Introduction NLP(Natural Language Processing) With spaCy Using Python

Published in

Python Concepts

17 min readOct 16, 2020

Introduction:

I am going to explain here some basic and NLP topics. The advanced concepts like tokenization stemming limitation etc. will be published in our advanced NLP blogs. Here, I will be using Spacy library for explaining the NLP basic. Spacy is written in Python and used for advanced NLP(Natural language processing) including vocabulary matching as well.

I am going to have a few introductory statements that describe common libraries such as NLTK versus a general discussion of what natural language processing is in general.

Spacy for Natural Language Processing:

Setting up Spacy

Before, we set up Spacy and download the language library, let’s quickly discuss what Spacy actually is. Spacy is nothing but open-source libraries used for the advanced natural language processing library for Python web development company. It’s designed to effectively handle an NLP task with the most efficient implementation of common tasks and algorithms. That means for many natural language processing tasks Spacy only has one implemented a method choosing.
The most efficient algorithm was currently available. This means you often don’t actually have the option to choose between algorithms for a particular task. Spacy only has one option which is the most efficient currently available now.
NLTK (Natural Language Tool Kit) is another library and you may have already heard and it’s a very popular open-source library. It was initially released in 2001 so that means it’s much older than spacy which was released in 2015. It also provides many functionalities that include less efficient implementations and that’s probably one of the main differences between Spacy and NLTK.

NLTK VS SPACY:

Spacy is a lot quicker and more effective at the expense of the client not having the option to pick a particular algorithmic execution. For most use cases, that really doesn’t matter because you care about the result not using a particular form of the algorithm. So, for that reason space is much faster than an NLTK because NLTK has a variety of implementations for a lot of common tasks. But Spacy just defaults to the most efficient currently available and it’s also much newer.
Remember Spacy does exclude some pre-made models for certain applications that NLTK does, for example, “Sentiment Analysis”-> which is normally simpler to perform with NLTK. So, in this blog, due to Spacy’s state of the art approach and efficiency, we’re going to focus on using space where it really matters but will also introduce and use NLTK when it’s easier to use for certain tasks.
Spacy can tokenize tag and parse documents and if you compare it speed to NLTK, then you will find NLTK 20 times longer to actually tokenize in a document reading and it takes 443 times longer to tag and it actually doesn’t even perform parsing. So, we can already tell here that space is much more efficient than NLTK up to 400 times more efficient approx.
If you want to get more facts and figures of performance metrics of Spacy vs. other libraries you can check out this link (https://spacy.io/usage/facts-figures) and it will compare the capabilities a Spacy versus other libraries. Things like neural network model Spacy built ready to perform state of the art neural network analysis and NLTK really isn’t suited for that.

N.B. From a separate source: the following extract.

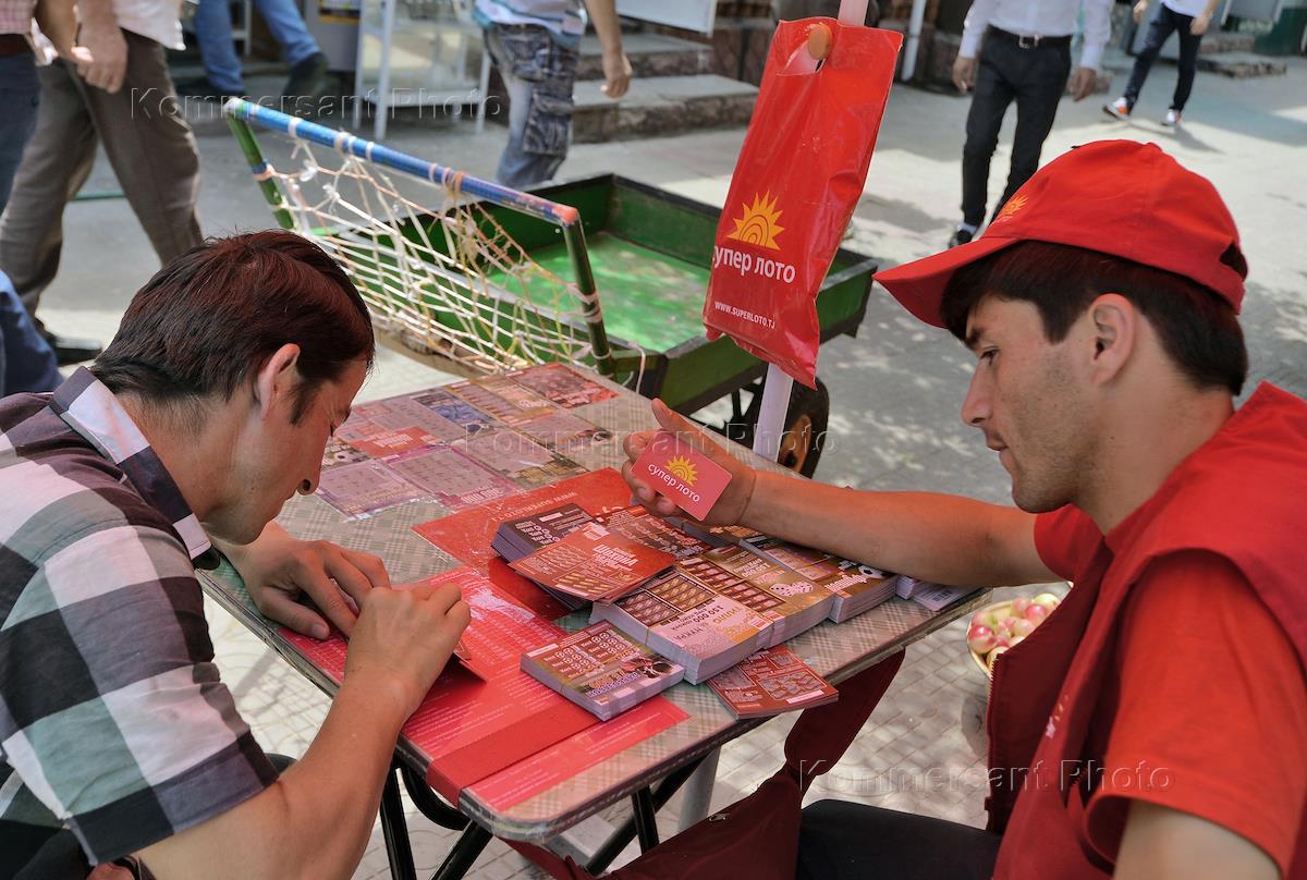 Виды Душанбе. Мужчины играют в шашки на одной из улиц города.

Spacy Installation Process:

So, if you’re on Mac OS or Linux Open your terminal and if you’re on Windows open up your either Anaconda prompt or your command prompt. So, depending on how you actually downloaded and installed Python in anaconda you should be opening up either the Anaconda prompt or the command prompt.
And if you’re on a Windows computer you want to make sure you run this as an administrator. You also want to make sure you don’t have a firewall because you have to download the language library from the Internet.
So, from a command prompt and willing to run this as an administrator and now in your command prompt. You probably just want to be located in your C folder.
Please make sure you actually have installed Spacy. Now there are several ways to do this. If you’re using anaconda, then in your command prompt, you can type the command as below:

c:\conda install -c conda -forge spacy

This command will install spacy for you from the Anaconda packaging system.

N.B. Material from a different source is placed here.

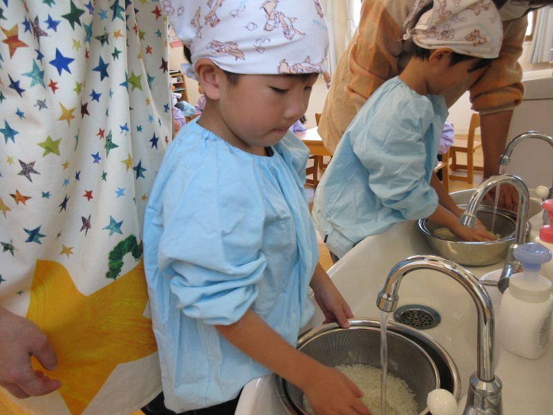 カレーを作る前に、まずお米を研ぎましょう!おにぎり作った時にやったよ

Once the installation is done then from the command line you need to download the language library that spacy needs and that language library are a big reason for why space it can operate so efficiently.
So, to do this you’re going to need to double-check that you have full administrative capabilities to download stuff onto a computer. You may also need to check that make sure you don’t have a firewall blocking your ability to download stuff from the Internet.
So, the next thing from the command line is you’re going to type the below command:

c:\python -m spacy download

Here “en” stands for English

Now what this is going to do is it’s going to automatically download from the command line the English language library. On success, you should see something that says something like “linking successful” message.
It will say that you can now load the model using spacy.load(‘en’). And so, this will actually load up our English model and there are various versions of the English model. You can check out the Spacy documentation for more details.
Two things we need to make sure we had Spacy installed and also make sure that we set up the spacy language library.

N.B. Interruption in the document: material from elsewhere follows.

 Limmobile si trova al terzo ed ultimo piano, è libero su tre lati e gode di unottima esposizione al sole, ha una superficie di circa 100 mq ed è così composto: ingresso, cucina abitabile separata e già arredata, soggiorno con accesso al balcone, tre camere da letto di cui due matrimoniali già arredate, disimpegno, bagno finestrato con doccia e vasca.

Anatomy of Natural language Processing?

So what is an NLP or natural language processing for a formal definition? According to Wikipedia, NLP or “Natural Language Processing” is a region of Artificial Intelligence and Computer Science problem statements regarding the effective interactions among PCs and human for example, specifically how to program a computer device to be smart enough to measure and examine and process a lot of natural language data.
Now to put this in simpler terms, often when performing some sort of analysis usually have lots of data that are numerical and that’s really convenient for example things like Share numbers, physical estimations, quantifiable classifications. Computer devices are now truly adept at taking care of direct mathematical data and numerical analysis. However, in real-time we consider the text data as the natural language data only while working with computers around the natural language processing.
As humans, it’s really easy for us to tell that there is a plethora of information inside of a text document like a PDF file, an e-mail, or a book. There’s heaps of data that we can without much of stretch access since we’re human beings and also, we learned and know to read that natural language and understand that easily, but for a computer device, it needs expertized processing strategies and programs to understand the raw text data of the natural language.
Natural language data is the text data that is exceptionally unstructured and can likewise be in different dialects not simply English. However, I am here dealing with only the English language here. NLP endeavors and deals with utilizing an assortment of various processing strategies to make a type of structure out of crude content information. I will be writing here some of these basic techniques and these techniques are built into libraries such as Spacy and NLTK.
Some examples of use cases of natural language processing are taking a raw text email and classifying it as spam versus a legitimate email or taking a raw text movie review and actually grabbing the sentiment analysis being able to tell if the review is positive or negative.
We can also do things like analyse trends from Britain customer feedback forums or even understand text commands such as when you’re talking to your smartphone and you say something like “Hey Google, play a specific song” or “Hey Siri or hey Alexa” which in turn requires natural language processing to change over that raw text data to something the computer can comprehend.
So natural language processing is constantly evolving. And great strides are made even every month. Here, in this blog, I am going to focus on fundamental ideas that all state of the art techniques are based on.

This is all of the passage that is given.